RECORDED DATA:
Content starts
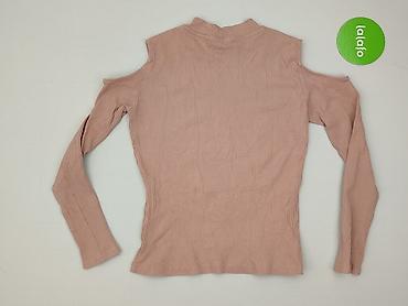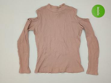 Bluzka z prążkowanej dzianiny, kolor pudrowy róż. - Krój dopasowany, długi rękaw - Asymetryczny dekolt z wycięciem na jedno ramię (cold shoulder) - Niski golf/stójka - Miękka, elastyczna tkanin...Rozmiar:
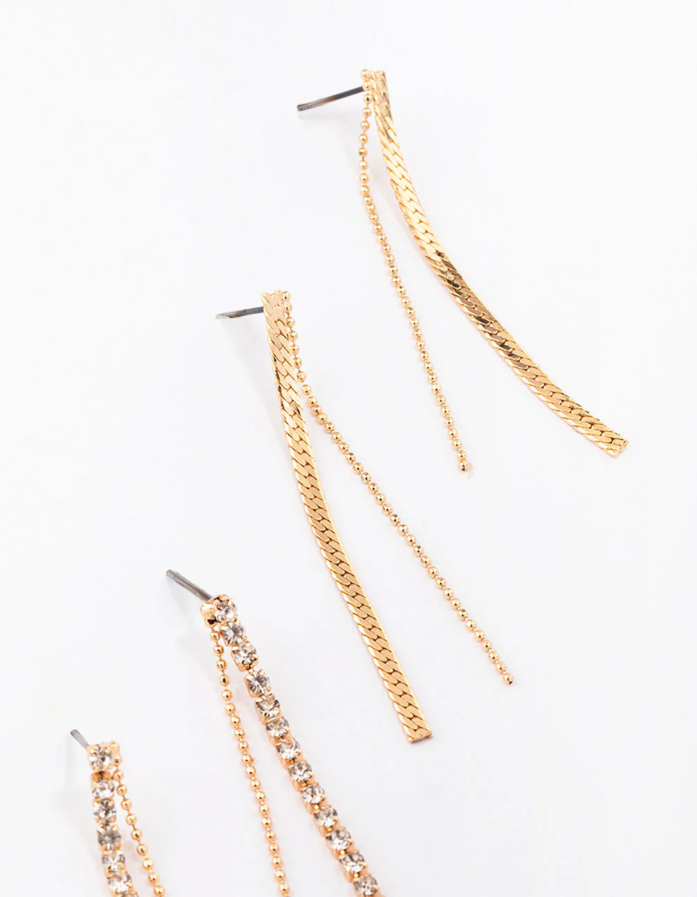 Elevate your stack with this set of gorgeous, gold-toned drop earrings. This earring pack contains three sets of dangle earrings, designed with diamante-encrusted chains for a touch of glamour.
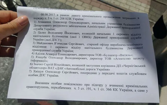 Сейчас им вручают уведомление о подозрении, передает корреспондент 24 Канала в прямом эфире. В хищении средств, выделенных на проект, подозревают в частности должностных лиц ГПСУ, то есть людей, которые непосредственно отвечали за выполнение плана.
Content ends
WHAT YOU WILL DO: All of the material above should be reproduced exactly, except the pictures.

ANSWER TO THE PROBLEM:
 Bluzka z prążkowanej dzianiny, kolor pudrowy róż. - Krój dopasowany, długi rękaw - Asymetryczny dekolt z wycięciem na jedno ramię (cold shoulder) - Niski golf/stójka - Miękka, elastyczna tkanin...Rozmiar:
 Elevate your stack with this set of gorgeous, gold-toned drop earrings. This earring pack contains three sets of dangle earrings, designed with diamante-encrusted chains for a touch of glamour.
 Сейчас им вручают уведомление о подозрении, передает корреспондент 24 Канала в прямом эфире. В хищении средств, выделенных на проект, подозревают в частности должностных лиц ГПСУ, то есть людей, которые непосредственно отвечали за выполнение плана.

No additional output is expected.